In the records below, find the line with "into your graveyard.)", then retype it and every following line exactly, stopping after the line with "- FEATURE —". Leave the pictures out.

### SUPPLIED RECORDS
===

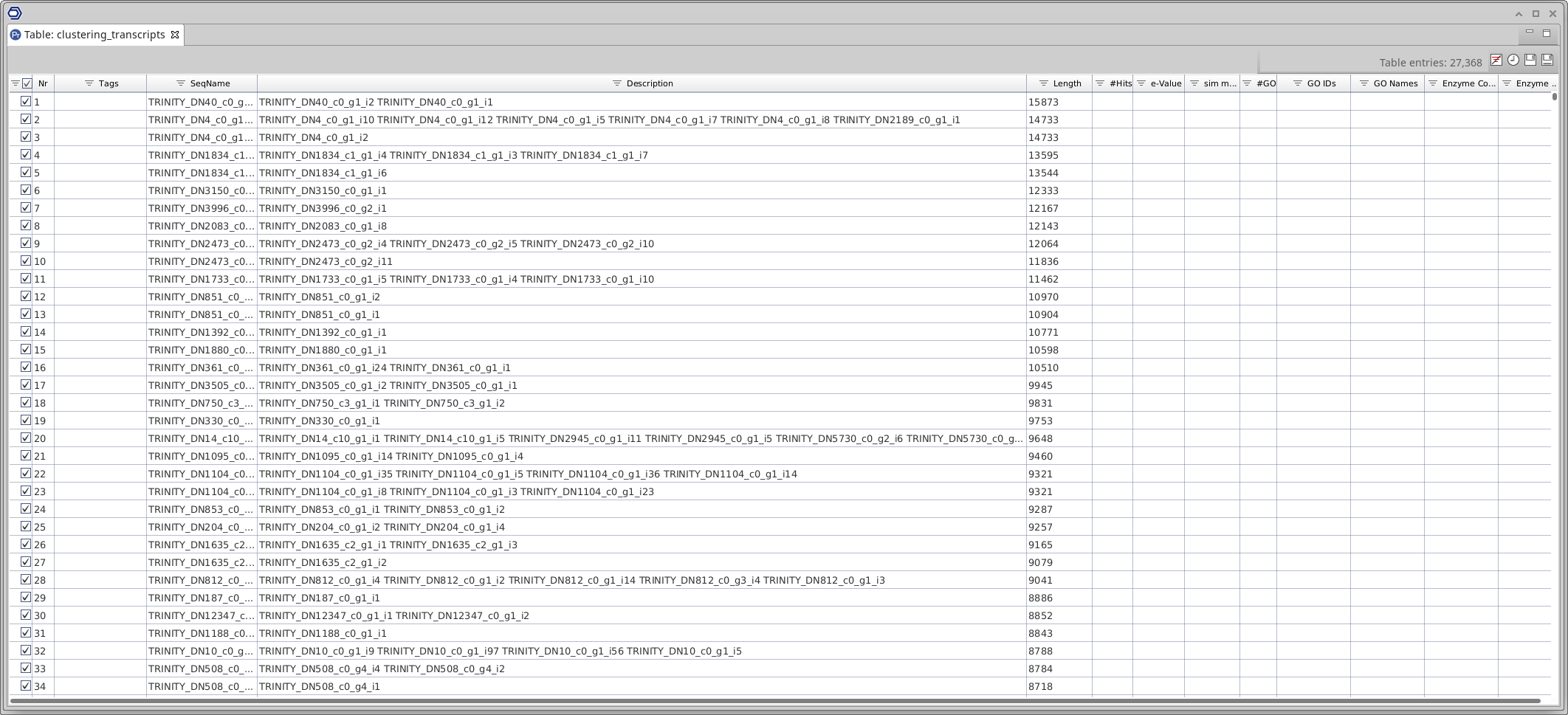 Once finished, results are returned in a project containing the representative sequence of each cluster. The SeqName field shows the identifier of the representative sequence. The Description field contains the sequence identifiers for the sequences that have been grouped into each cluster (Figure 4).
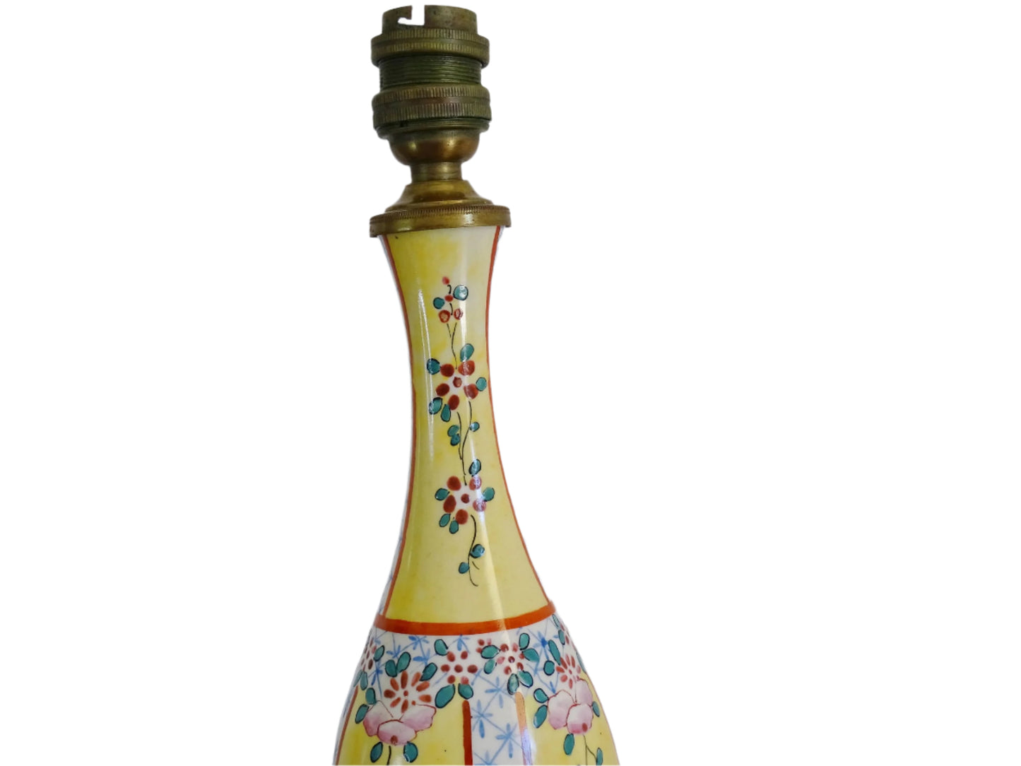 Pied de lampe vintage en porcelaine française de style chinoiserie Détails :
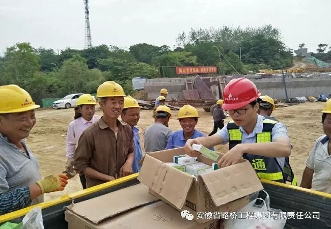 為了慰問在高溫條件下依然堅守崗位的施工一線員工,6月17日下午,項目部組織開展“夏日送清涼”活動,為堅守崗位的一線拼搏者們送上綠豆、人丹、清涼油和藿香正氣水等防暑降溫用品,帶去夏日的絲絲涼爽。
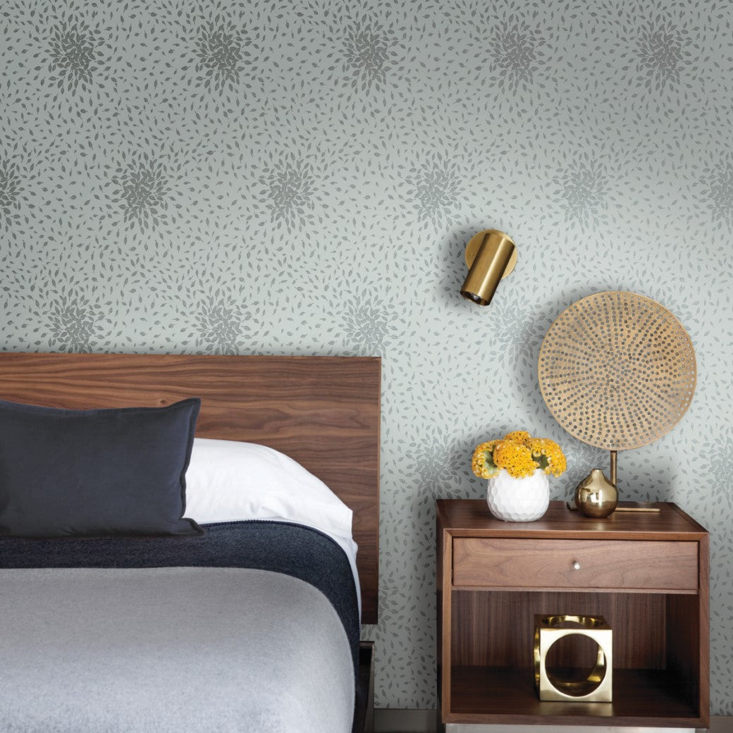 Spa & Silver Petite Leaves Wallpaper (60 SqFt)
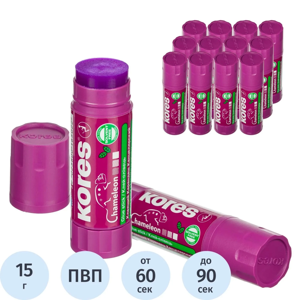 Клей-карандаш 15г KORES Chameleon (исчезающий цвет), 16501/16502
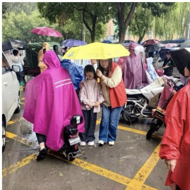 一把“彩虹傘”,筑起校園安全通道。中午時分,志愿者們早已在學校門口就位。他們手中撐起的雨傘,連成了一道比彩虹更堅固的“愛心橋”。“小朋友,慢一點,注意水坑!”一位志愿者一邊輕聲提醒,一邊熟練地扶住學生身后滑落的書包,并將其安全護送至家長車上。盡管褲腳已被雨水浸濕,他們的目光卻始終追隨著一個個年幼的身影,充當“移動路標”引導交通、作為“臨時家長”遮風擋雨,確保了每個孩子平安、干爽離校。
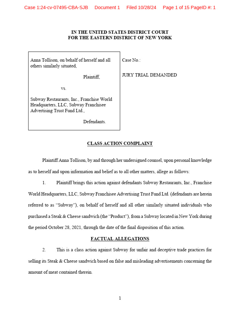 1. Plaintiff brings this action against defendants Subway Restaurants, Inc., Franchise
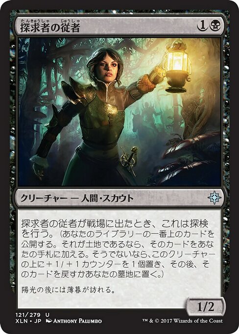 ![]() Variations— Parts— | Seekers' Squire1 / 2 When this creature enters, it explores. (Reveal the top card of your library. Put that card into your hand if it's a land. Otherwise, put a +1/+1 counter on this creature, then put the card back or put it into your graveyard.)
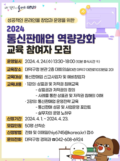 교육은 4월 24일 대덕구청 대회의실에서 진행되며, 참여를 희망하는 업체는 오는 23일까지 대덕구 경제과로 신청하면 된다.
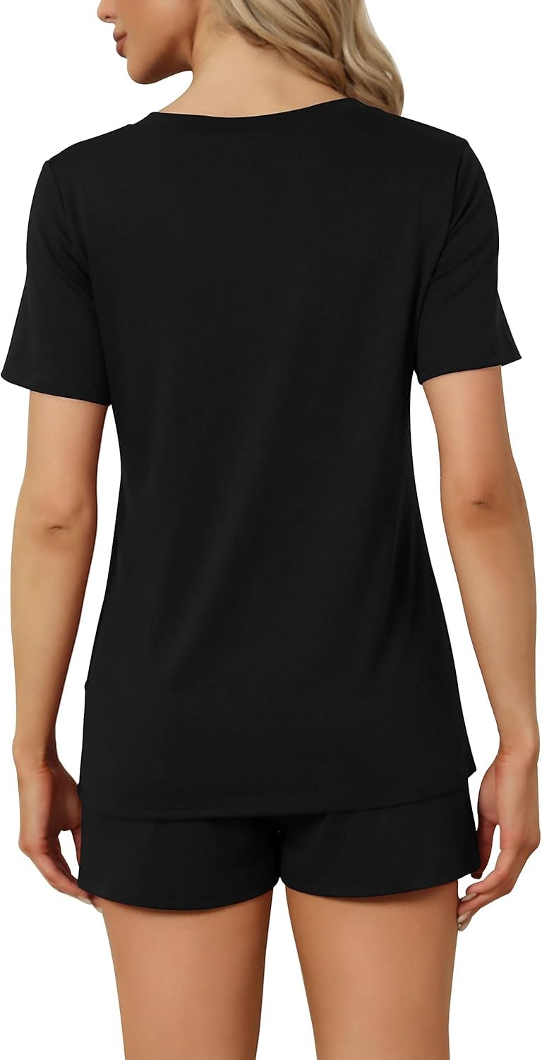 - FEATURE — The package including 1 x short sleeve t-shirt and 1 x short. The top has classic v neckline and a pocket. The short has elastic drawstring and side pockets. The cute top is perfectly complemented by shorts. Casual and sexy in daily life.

===

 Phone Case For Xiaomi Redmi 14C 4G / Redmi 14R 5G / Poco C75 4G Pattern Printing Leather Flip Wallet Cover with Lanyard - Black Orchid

===

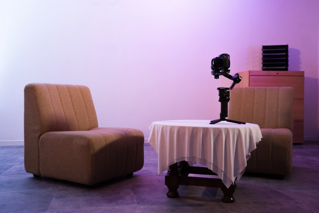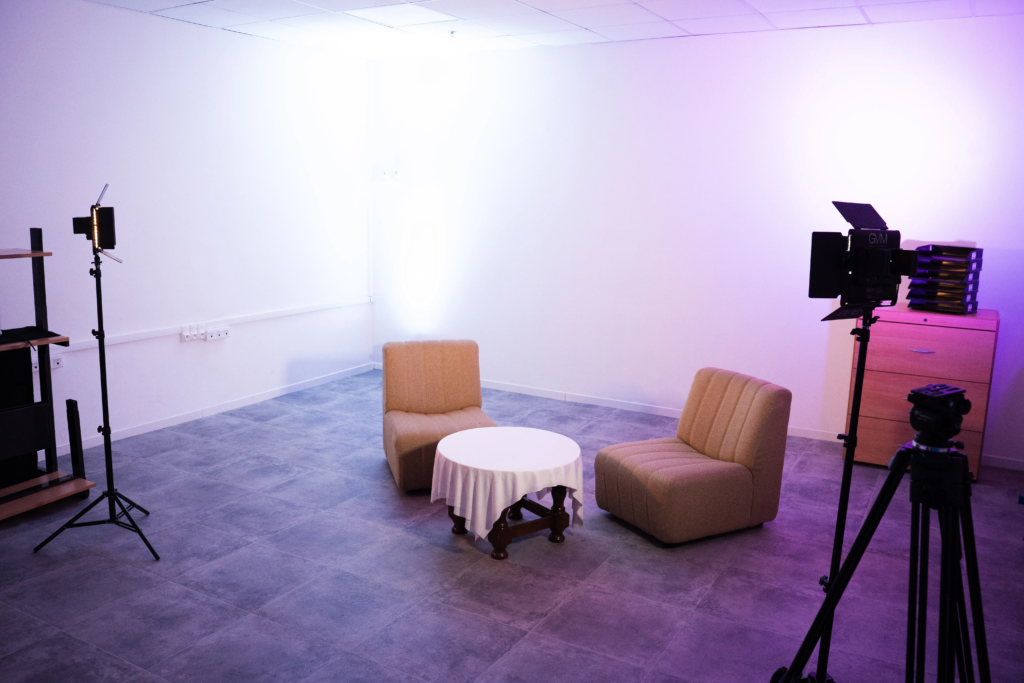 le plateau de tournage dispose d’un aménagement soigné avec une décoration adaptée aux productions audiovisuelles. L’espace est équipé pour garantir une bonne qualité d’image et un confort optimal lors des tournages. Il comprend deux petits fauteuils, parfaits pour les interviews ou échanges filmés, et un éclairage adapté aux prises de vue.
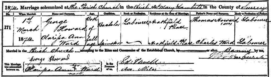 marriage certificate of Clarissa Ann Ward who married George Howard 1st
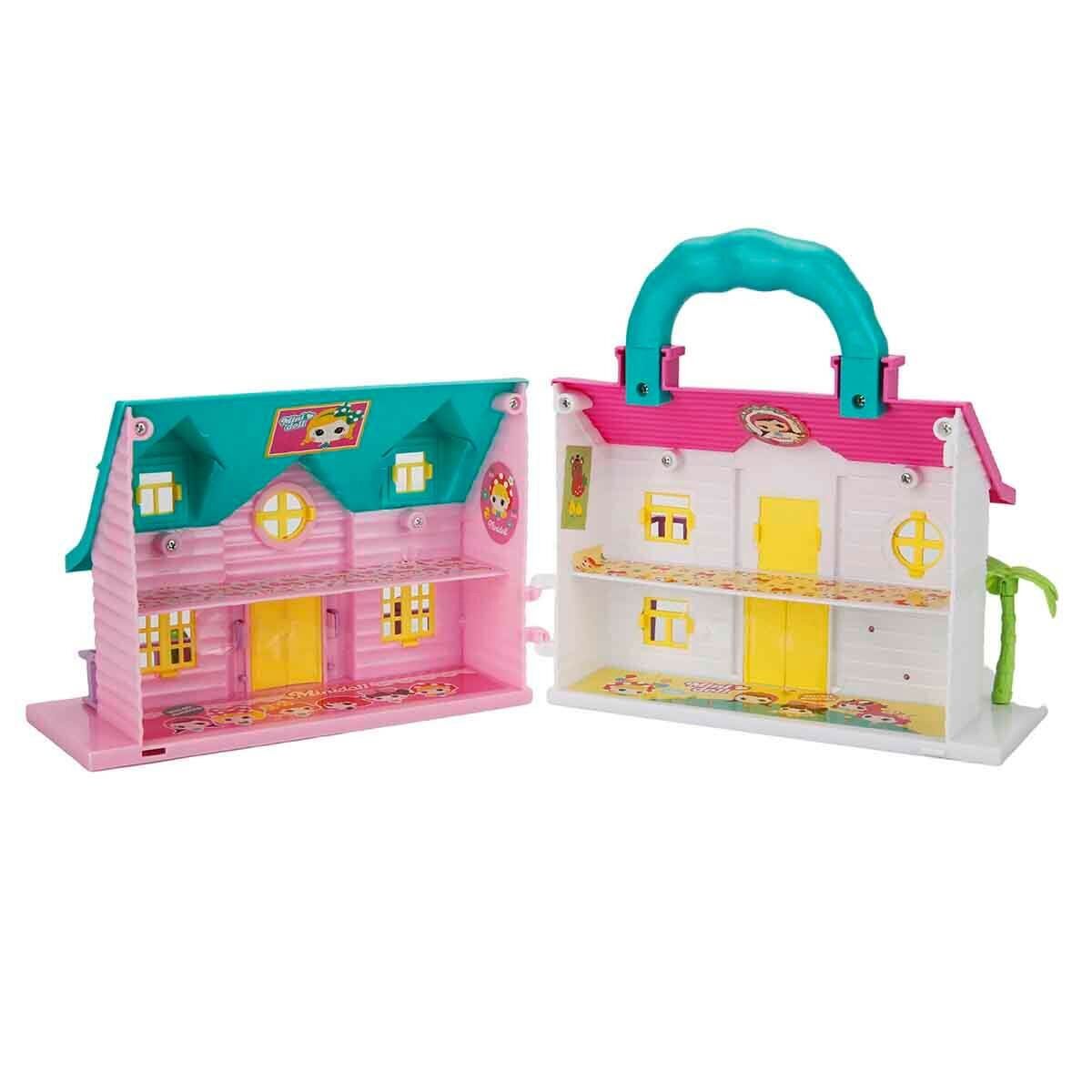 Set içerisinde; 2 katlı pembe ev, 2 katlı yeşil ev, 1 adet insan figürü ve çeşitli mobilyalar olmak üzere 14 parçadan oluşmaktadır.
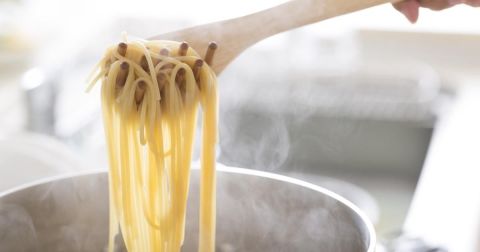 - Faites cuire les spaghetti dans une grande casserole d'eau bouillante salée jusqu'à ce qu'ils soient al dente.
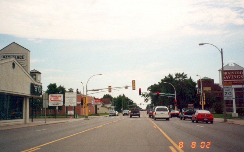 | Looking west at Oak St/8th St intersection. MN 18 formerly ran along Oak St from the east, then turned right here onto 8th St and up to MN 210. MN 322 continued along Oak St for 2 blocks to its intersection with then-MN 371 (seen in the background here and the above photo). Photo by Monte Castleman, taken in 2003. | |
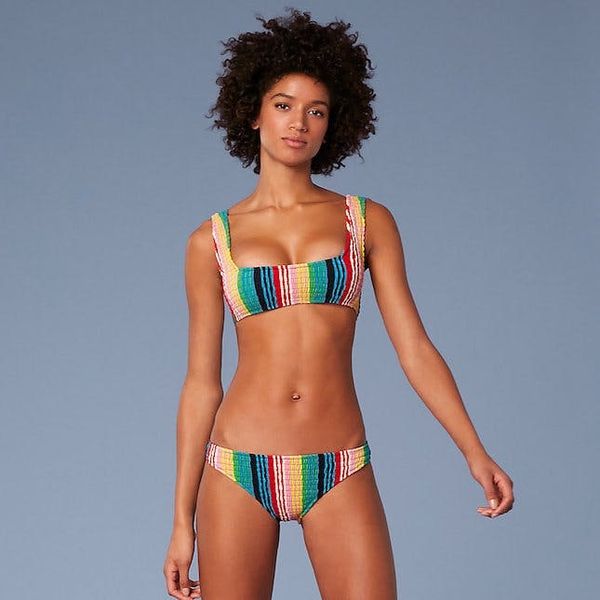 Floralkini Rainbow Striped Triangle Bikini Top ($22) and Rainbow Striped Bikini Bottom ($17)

===

### COMPLETED TASK
 ![]() Variations— Parts— | Seekers' Squire1 / 2 When this creature enters, it explores. (Reveal the top card of your library. Put that card into your hand if it's a land. Otherwise, put a +1/+1 counter on this creature, then put the card back or put it into your graveyard.)
 교육은 4월 24일 대덕구청 대회의실에서 진행되며, 참여를 희망하는 업체는 오는 23일까지 대덕구 경제과로 신청하면 된다.
 - FEATURE — The package including 1 x short sleeve t-shirt and 1 x short. The top has classic v neckline and a pocket. The short has elastic drawstring and side pockets. The cute top is perfectly complemented by shorts. Casual and sexy in daily life.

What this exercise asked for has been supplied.